On February 11, 2016 the Federal Law “On Ratifying the Agreement on Common Principles and Rules for the Circulation of Medical Devices (Medical Goods and Medical Equipment) Within the Framework of the Eurasian Economic Union” and Federal Law “On Ratifying the Agreement on Common Principles and Rules for the Circulation of Pharmaceuticals within the Framework of the Eurasian Economic Union” (Agreements) came into force.
The entry of the federal laws into force signals the launch ofn the single market for pharmaceuticals and medical devices, which has great international significance. It must be noted that the launch of the single pharmaceutical market in the Eurasian Economic Union (EAEU), as announced by the Treaty on the Eurasian Economic Union of May 29, 2014 and then scheduled for January 1, 2016, was postponed due to the delayed ratification of the agreements by the Russian Federation – the last remaining EAEU member to ratify.

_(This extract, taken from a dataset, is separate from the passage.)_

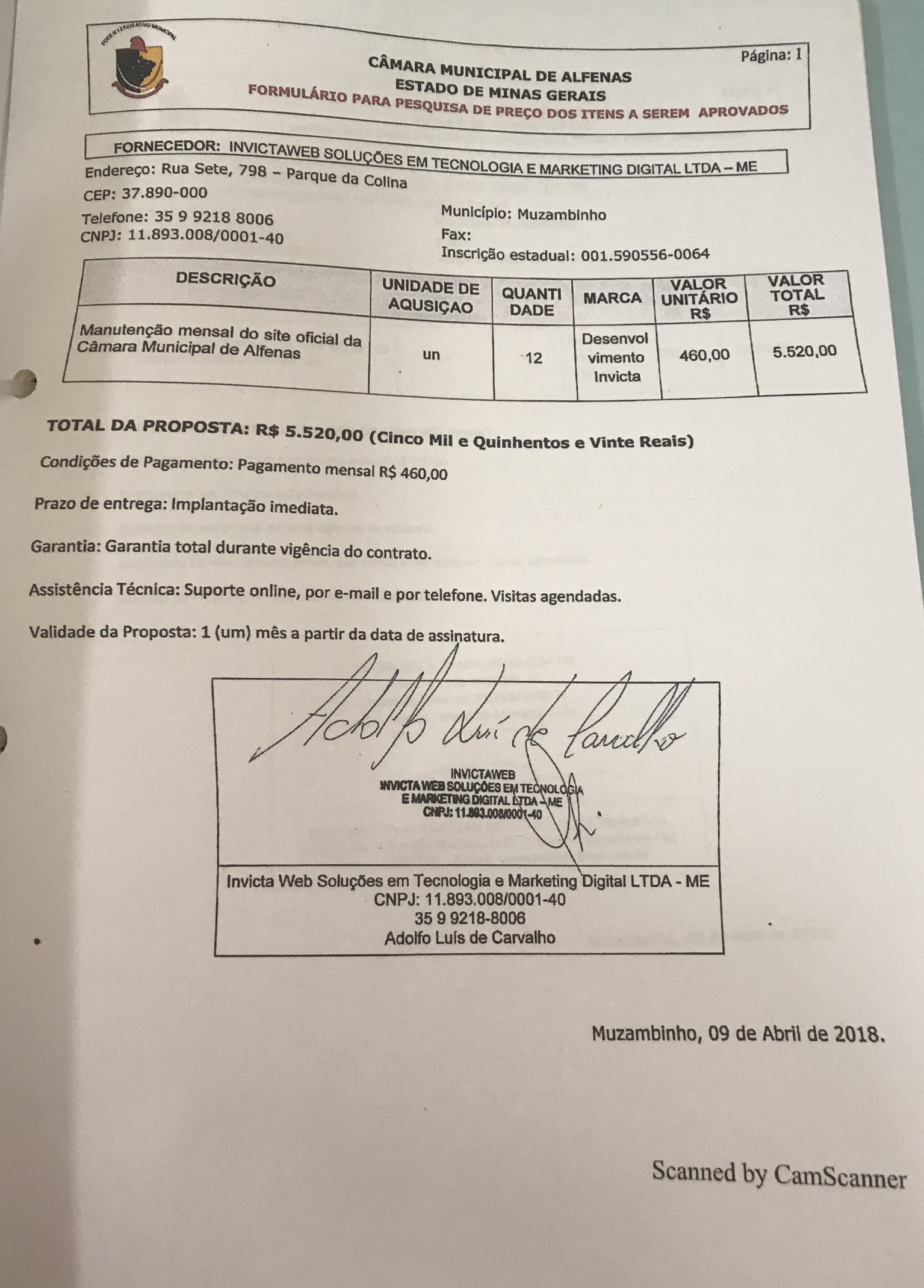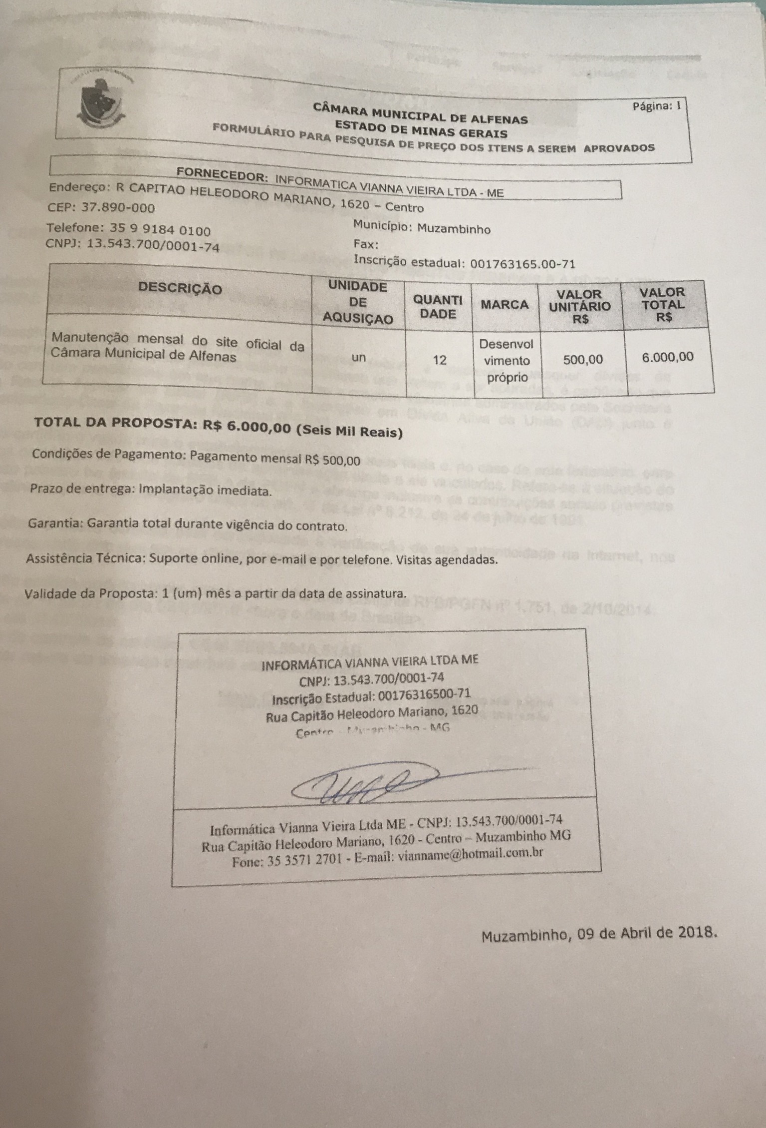Data de abertura: 09/04/2018 | Número do Processo: 23/2018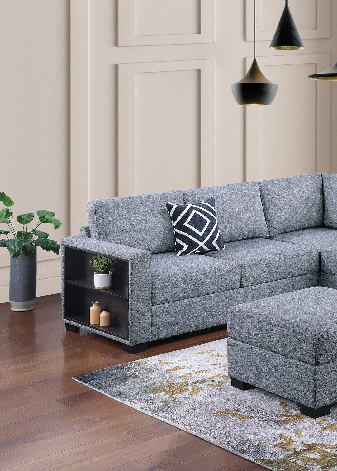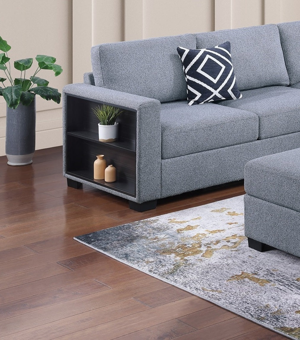 Contemporary Functional Sectional Sofa 4pc Set Gray Boucle Couch Loveseat w Built-in Shelfs Wedge, Ottoman Living Room Furniture L-Shaped Design Couch is available

It is expected that a number of the Eurasian Economic Commission (EEC) Decisions developed in 2015 with the purpose of regulating relations and institutions on the single pharmaceutical market, establishing good practices for registration of medicines and the common register of medicines, will be adopted by the end of March. Such EEC decisions are not subject to ratification and will have a direct effect on the member states.
For all market players a single pharmaceutical space will mean new opportunities as a result of unifying the rules and regulations, as well as new challenges: a number of issues such as the transition period for drugs’ registration, the procedure for determining the interchangeability of the drug at the registration stage, different interpretations of rules by the regulators remain unresolved.
In addition, in May 2015, the EEC has received the status and powers of the new supranational antitrust authority. In accordance with the Treaty on the EAEU, the Commission monitors compliance with the general rules for competition in the cross-border markets. These powers include not only the conduct of antitrust investigations, but also field audits together with national regulators. The creation of the single pharmaceutical market might result in new antitrust risks that need to be evaluated in a timely manner.